▶ Data below:
■ ■ ■ ■ ■ ■ ■
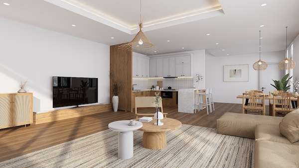 住宅の場合、外観、内観、キッチン、リビング、寝室、バスルーム、トイレなどのシーン作成に対応する。
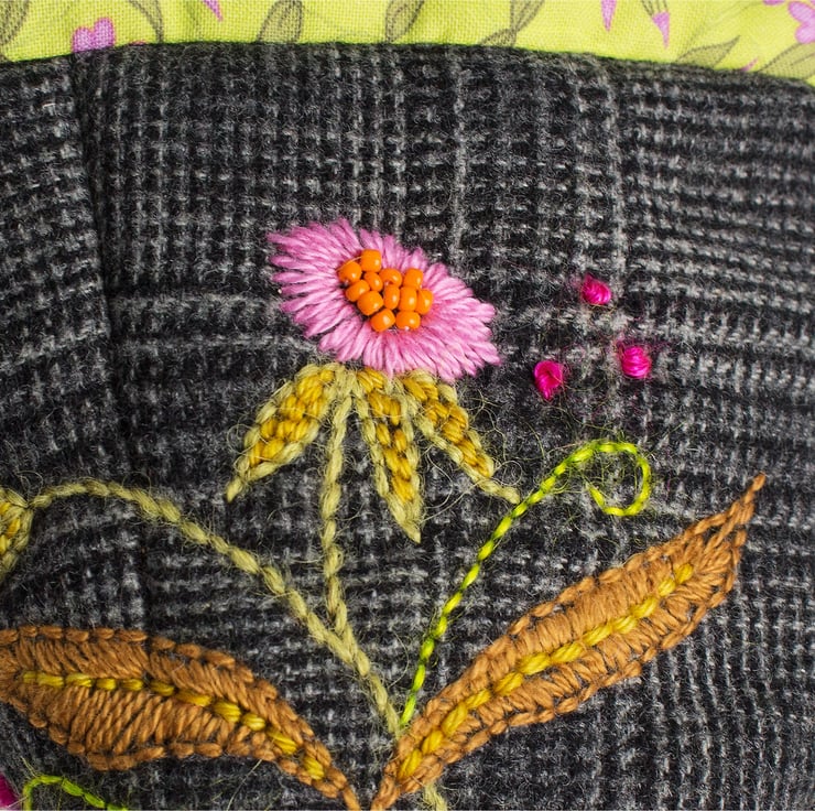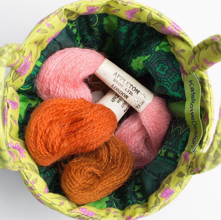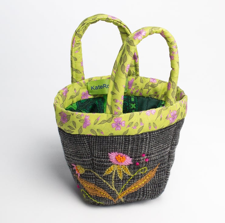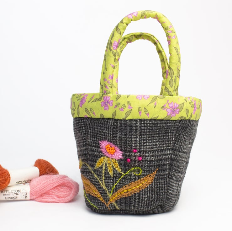 This is a very small project bag for little tiny items that you want to keep together and find easily as you work. It is made from Prince of Wales check suiting and lined with an up cycled scarf print and trimmed with my green campion print on cotton. I have hand embroidered a pink flower and leaves onto the outer. The bag is bucket shaped to help you find your items quickly. The depth of the bag is 10.5cms(4 inches) and the base measures 7cms square (2.5 inches square)
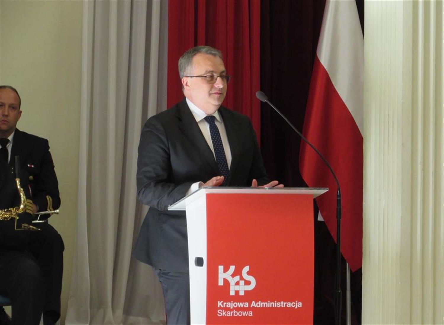 Arkadiusz Jedynak, dyrektor Departamentu Poboru Podatków w Ministerstwie Finansów, również złożył podziękowania oraz odczytał list od wiceministra Bartosza Zbaraszczuka, szefa Krajowej Administracji Skarbowej.
■ ■ ■ ■ ■ ■ ■
▶ Your objective: Write out the data above in full and exactly, but without the pictures.

▶ Answer section:
 住宅の場合、外観、内観、キッチン、リビング、寝室、バスルーム、トイレなどのシーン作成に対応する。
 This is a very small project bag for little tiny items that you want to keep together and find easily as you work. It is made from Prince of Wales check suiting and lined with an up cycled scarf print and trimmed with my green campion print on cotton. I have hand embroidered a pink flower and leaves onto the outer. The bag is bucket shaped to help you find your items quickly. The depth of the bag is 10.5cms(4 inches) and the base measures 7cms square (2.5 inches square)
 Arkadiusz Jedynak, dyrektor Departamentu Poboru Podatków w Ministerstwie Finansów, również złożył podziękowania oraz odczytał list od wiceministra Bartosza Zbaraszczuka, szefa Krajowej Administracji Skarbowej.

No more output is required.